Hi all,

This is an update on Freeling integration based on a discussion of
Fabian, David and myself from last week.

As mentioned earlier in this thread Freeling [1] is GPL licensed.
Because of that Apache Stanbol can not directly link to the Freeling
APIs. The best solution for this issue is to use a WebService to
access the Freeling functionality and this is exactly what we decided
to work on.

However as the License issues are not only something special to
Freeling, but also apply to other NLP frameworks one would like to
integrate with Apache Stanbol the decision was to opt for a more
generic approach. In the following I will provide information on the
system we are currently working on.

## JSON support for the Stanbol AnalyzedText ContentPart

STANBOL-878 [2] adds support for JSON parsing and serialization to the
AnaplyzedText ContentPart [3,4]. This will be the preferred format to
send Stanbol compatible NLP processing results over the wire. Both the
parser and the serializer are extensible. Meaning that users that want
to use special Annotations can also provide components that ensure
that those Annotation values are correctly serialized to/parsed from
JSON. In addition both parser and serializer are useable within and
outside an OSGI environment.

## RemoteNlpProcessing Engine

Stanbol will also provide a Default NLP processing  EnhancementEngine
that calls a remote RESTful service. The according JIRA issue will
follow soon.

This engine will support to send the plain text content part of the
processed ContentItem as POST request to the configured RESTful
endpoint.

The RESTful API will include two endpoints.

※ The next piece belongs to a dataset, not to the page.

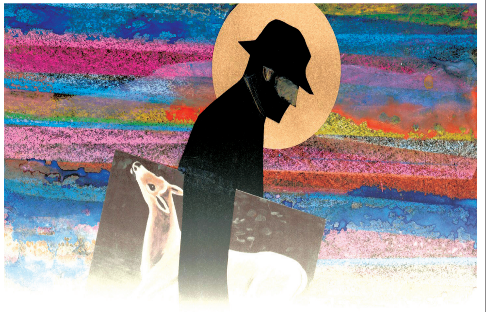
ინფორმაცია მხატვრის შესახებ: 1978 წელს ტაკეჰიდე ჰარადა ჩართული იყო გიორგი შენგელაიას ფილმის „ფიროსმანის“ იაპონურ პრემიერაში. 24 წლის ასაკში იგი ისე მოიხიბლა ამ ფილმით და იმდენად დაინტერესდა მხატვრის ცხოვრებით და შემოქმედებით, რომ მას შემდეგ ფიროსმანი არასოდეს გამქრალა მისი ხსოვნიდან, მისი გულიდან და მისი შემოქმედებიდან.

პირველი გამოფენა 25 იანვარს თბილისში ნიკო ფიროსმანის სახელმწიფო მუზეუმში გაიხსნა, სადაც წარმოდგენილი იყო ფიროსმანის იაპონელი მკვლევარის ჰარადა ტაკეჰიდეს ნამუშევრების ასლები. წარმატებული ბენეფისის შემდეგ გადაწყდა გამოფენის „მოგზაურობა“ რეგიონებში მთელი წლის განმავლობაში, რათა უფრო მეტმა ხალხმა შეიგრძნოს იაპონელი მხატვრის მიერ დანახული ფიროსმანი.

1. __Supported Languages__ : A simple GET request to
"{endpoint}/supported" that expects the supported languages as JSON
Array. This will be called during the activation of the Engine to
synchronies the language configuration of the Engine with the
supported languages of the NLP processing service. As an example if
the User configures the EnahncementEngine with "!en,!de, *" and the
NLP processing service reports "{languages: [en,es,it,pt]}" than the
combined configuration will be "es, it, pt".

2. __NLP processing__: A POST request providing the plain text and
expecting the JSON serialized AnalyzedText as response. The
"Content-Language" will be used to specify the language of the parsed
text. If the Language is unknown the header will be omitted.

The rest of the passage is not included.